Where to start! background: I have a 4yr old dd ex left us when she was 10 months old, he sees her for 1 weekend every month, because he doesn't live in this country and it's harder for him to get over here.
DD has a disability which means she is incontinent and she suffers hugely from constipation, to manage this I am now having to give her an enema every three days.
Anyway ex's family have been to see DD only 3 or 4 times since she was born, when she was younger I used to take her and travel to them regularly as I understood it was easier for me to do that, than all of them to come over here.
But it all got to hard, they don't like me, and every time I was over there was made to feel uncomfortable and unwanted, left out of everything, from conversations to trips out they had planned with DD.
So I decided and told ex, that it was just too stressful and that I wouldn't be coming any more, his family however were welcome to visit whenever they wanted.
Since then we have had 1 visit, and ex is now arguing with me about taking DD over there without me.
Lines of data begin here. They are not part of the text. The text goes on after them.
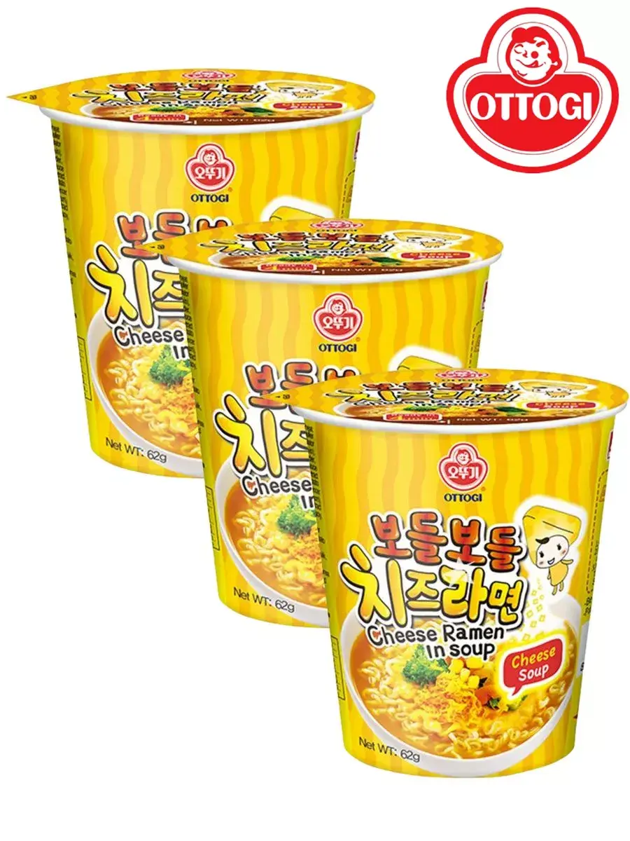 Лапша быстрого приготовления Cheese Ramen от Ottogi - еще один вариант непревзойденного тандема острой и сырной приправ, прекрасно сочетающихся с нежным раменом. Суп достаточно сытный, он быстро утолит чувство голода, а также согреет и наполнит энергией. Упаковку сырного рамена удобно брать с собой в поездки, путешествия, походы, ведь на его приготовление требуется лишь несколько минут. Способ приготовления: добавьте в кастрюльку или сотейник 550 мл. воды (2 и 1/4 стакана), добавьте овощную смесь и доведите до кипения. После этого добавьте лапшу и суповую основу (приправу). Готовьте в течение 4 минут. По вашему вкусу дополнительно можно добавить яйцо, зелень, сыр и т.д. Снимите с огня, добавьте сырную пудру, хорошо перемешайте и наслаждайтесь вкусом настоящего корейского сырного рамена. В комплекте 3 штуки по 62г.
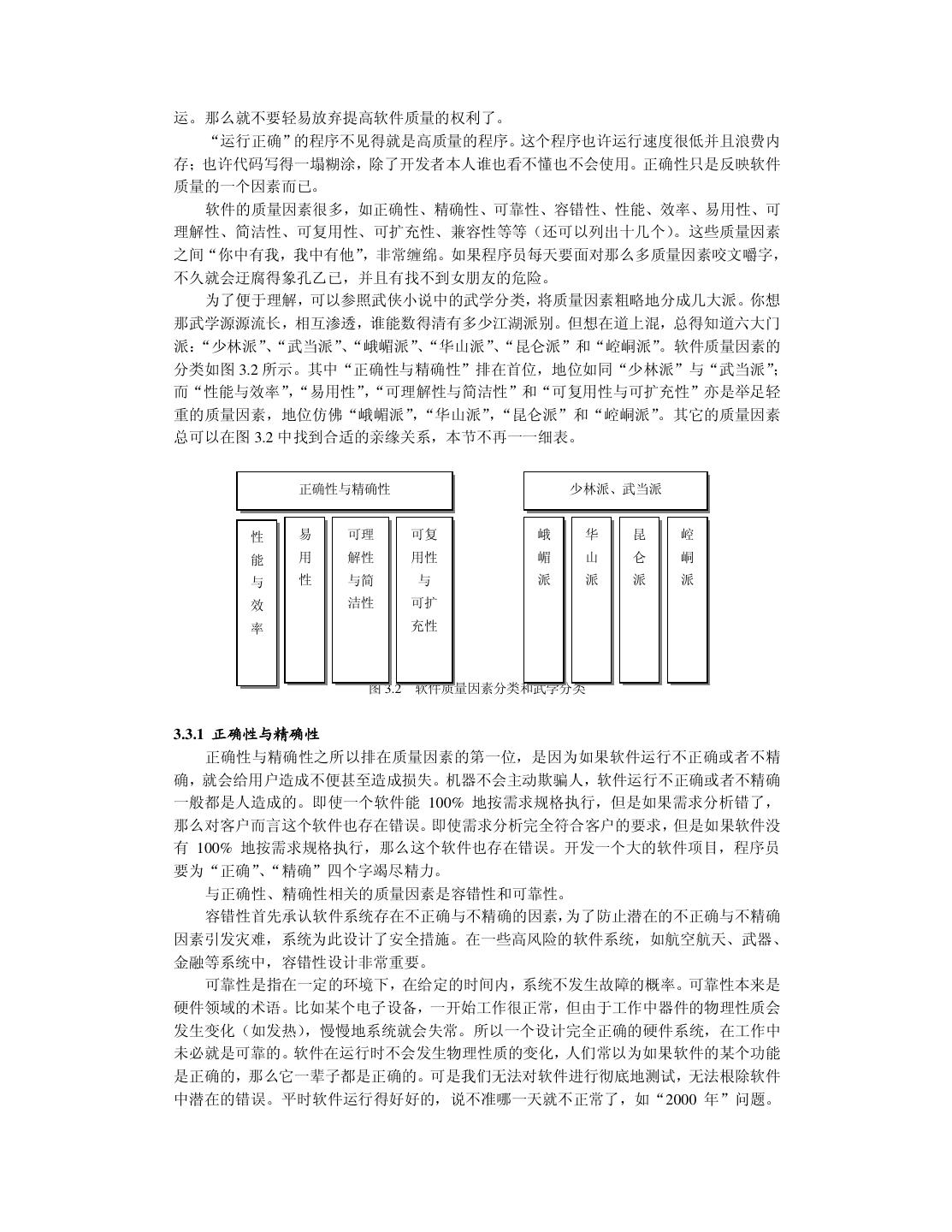 25 .运。那么就不要轻易放弃提高软件质量的权利了。 “运行正确”的程序不见得就是高质量的程序。这个程序也许运行速度很低并且浪费内 存;也许代码写得一塌糊涂,除了开发者本人谁也看不懂也不会使用。正确性只是反映软件 质量的一个因素而已。 软件的质量因素很多,如正确性、精确性、可靠性、容错性、性能、效率、易用性、可 理解性、简洁性、可复用性、可扩充性、兼容性等等(还可以列出十几个)。这些质量因素 之间“你中有我,我中有他”,非常缠绵。如果程序员每天要面对那么多质量因素咬文嚼字, 不久就会迂腐得象孔乙已,并且有找不到女朋友的危险。 为了便于理解,可以参照武侠小说中的武学分类,将质量因素粗略地分成几大派。你想 那武学源源流长,相互渗透,谁能数得清有多少江湖派别。但想在道上混,总得知道六大门 派:“少林派” 、“武当派” 、“峨嵋派”、 “华山派”、“昆仑派”和“崆峒派”。软件质量因素的 分类如图 3.2 所示。其中“正确性与精确性”排在首位,地位如同“少林派”与“武当派” ; 而“性能与效率” , “易用性”, “可理解性与简洁性”和“可复用性与可扩充性”亦是举足轻 重的质量因素,地位仿佛“峨嵋派” ,“华山派”,“昆仑派”和“崆峒派” 。其它的质量因素 总可以在图 3.2 中找到合适的亲缘关系,本节不再一一细表。 正确性与精确性 少林派、武当派 性 易 可理 可复 峨 华 昆 崆 能 用 解性 用性 嵋 山 仑 峒 与 性 与简 与 派 派 派 派 效 洁性 可扩 率 充性 图 3.2 软件质量因素分类和武学分类 3.3.1 正确性与精确性 正确性与精确性之所以排在质量因素的第一位,是因为如果软件运行不正确或者不精 确,就会给用户造成不便甚至造成损失。机器不会主动欺骗人,软件运行不正确或者不精确 一般都是人造成的。即使一个软件能 100% 地按需求规格执行,但是如果需求分析错了, 那么对客户而言这个软件也存在错误。即使需求分析完全符合客户的要求,但是如果软件没 有 100% 地按需求规格执行,那么这个软件也存在错误。开发一个大的软件项目,程序员 要为“正确” 、“精确”四个字竭尽精力。 与正确性、精确性相关的质量因素是容错性和可靠性。 容错性首先承认软件系统存在不正确与不精确的因素,为了防止潜在的不正确与不精确 因素引发灾难,系统为此设计了安全措施。在一些高风险的软件系统,如航空航天、武器、 金融等系统中,容错性设计非常重要。 可靠性是指在一定的环境下,在给定的时间内,系统不发生故障的概率。可靠性本来是 硬件领域的术语。比如某个电子设备,一开始工作很正常,但由于工作中器件的物理性质会 发生变化(如发热),慢慢地系统就会失常。所以一个设计完全正确的硬件系统,在工作中 未必就是可靠的。软件在运行时不会发生物理性质的变化,人们常以为如果软件的某个功能 是正确的,那么它一辈子都是正确的。可是我们无法对软件进行彻底地测试,无法根除软件 中潜在的错误。平时软件运行得好好的,说不准哪一天就不正常了,如“2000 年”问题。
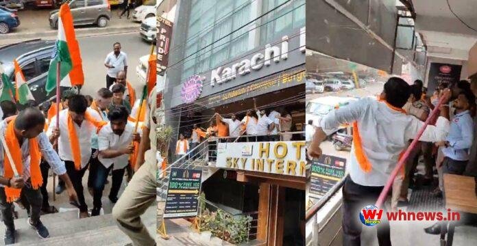 भारत और पाकिस्तान के बीच जारी तनाव को लेकर भारतीय लोगों में पड़ोसी मुल्क को लेकर काफी गुस्सा है। आतंकवाद के खिलाफ पाकिस्तान को कड़ा सबक सिखाने की मांग की जा रही है। इसी बीच तेलंगाना की राजधानी हैदराबाद में एक हैरान कर देने वाला वीडियो वायरल हो रहा है। भीड़ ने कराची नाम बेकरी शॉप पर हमला कर दिया। घटना के बारे में दुकान के मालिक ने कहा कि लोगों ने दुकान के नाम को लेकर आपत्ति जताते हुए हमला किया। वीडियो में कई सारे लोग हाथों में डंडा लिए दुकान के बाहर खड़े नजर आ रहे है। ये सभी लोग दुकान का नाम बदलने की मांग कर रहे है।
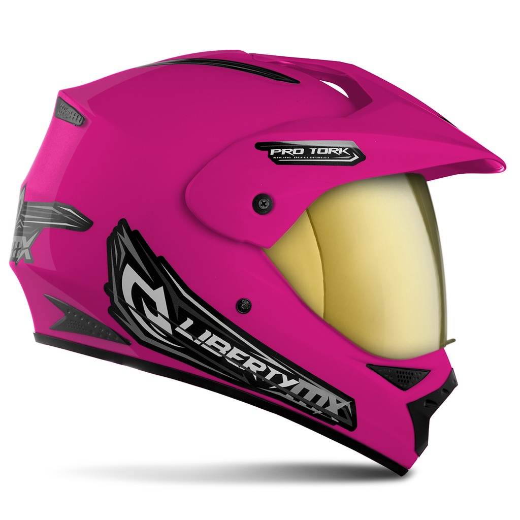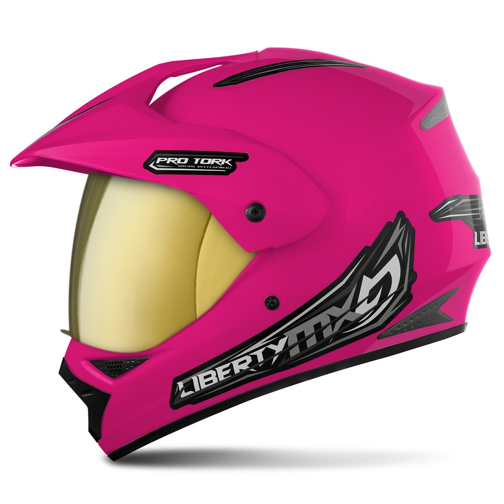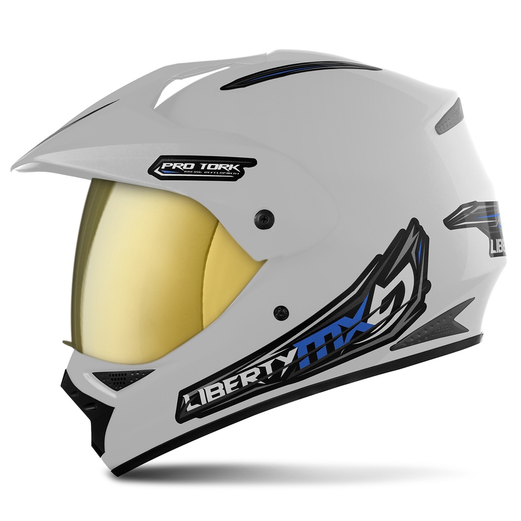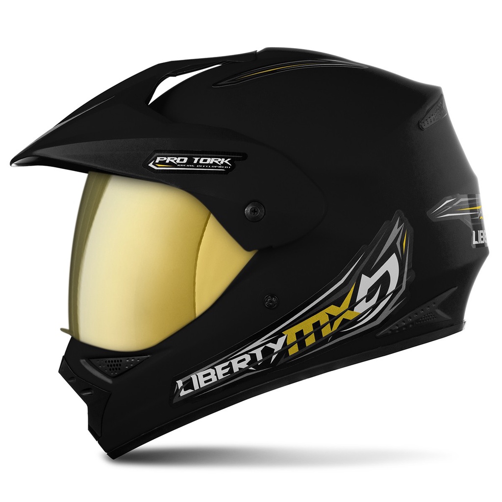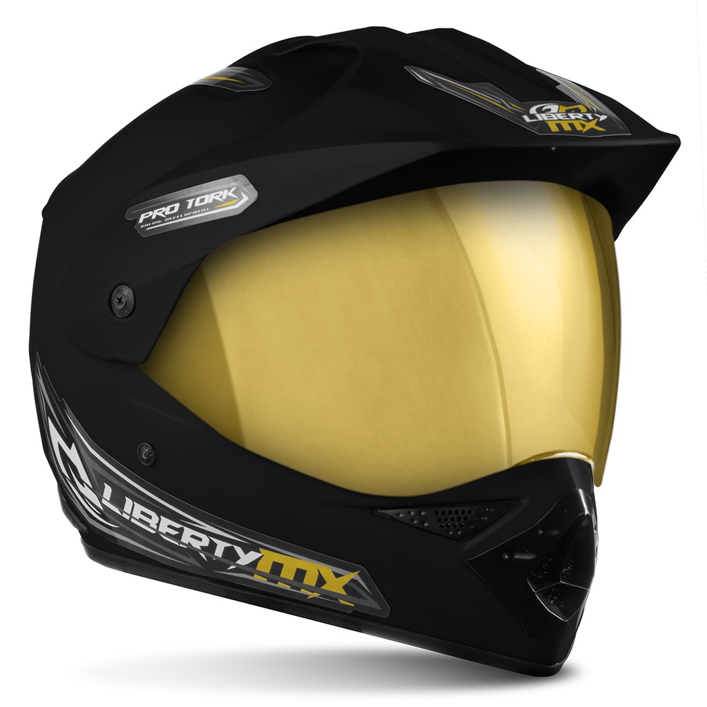 Capacete Fechado Motocross Trilha Trial Liberty MX Pro Vision Viseira Dourada Pro Tork
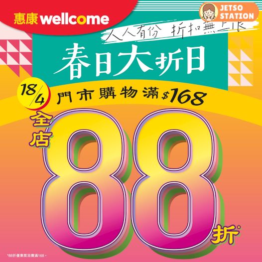 【春日大折日 4月18日惠康門市全店88折*!! 人人有份,折扣無上限!】
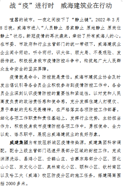 >戰(zhàn)“疫”進(jìn)行時(shí) 威海建筑業(yè)在行動(dòng)

DD's medication has changed to the enemas she is now having since then, I have had to be shown how to do them at home by the hospital, and it is still horrendous, she hates it and screams every time it is done.
There is no way I am going to let anyone but me do that. Ex claims that his mother is willing to take any training so that she is able to administer the meds, but and this is the bit I feel silly about, she's not me.....I just don't feel like dd could have that done if I wasn't there.
He's now kicking up a huge fuss, and causing a lot of tension and arguments, saying that I'm denying his family the right to see her, because its too hard for them all to come to us, and I just don't know what to say to him anymore, I have tried explaining that I'm not comfortable not being there for dd when she's having her meds, aside from the fact that I'm not comfortable being that far away from her at all! but he just doesn't seem to get it, he thinks I'm deliberately trying to make life hard!!
What can I do!, we're not even able to have a conversation about dd anymore, without it turning into a big argument, and it's getting me down
If you got through all that, thanks!!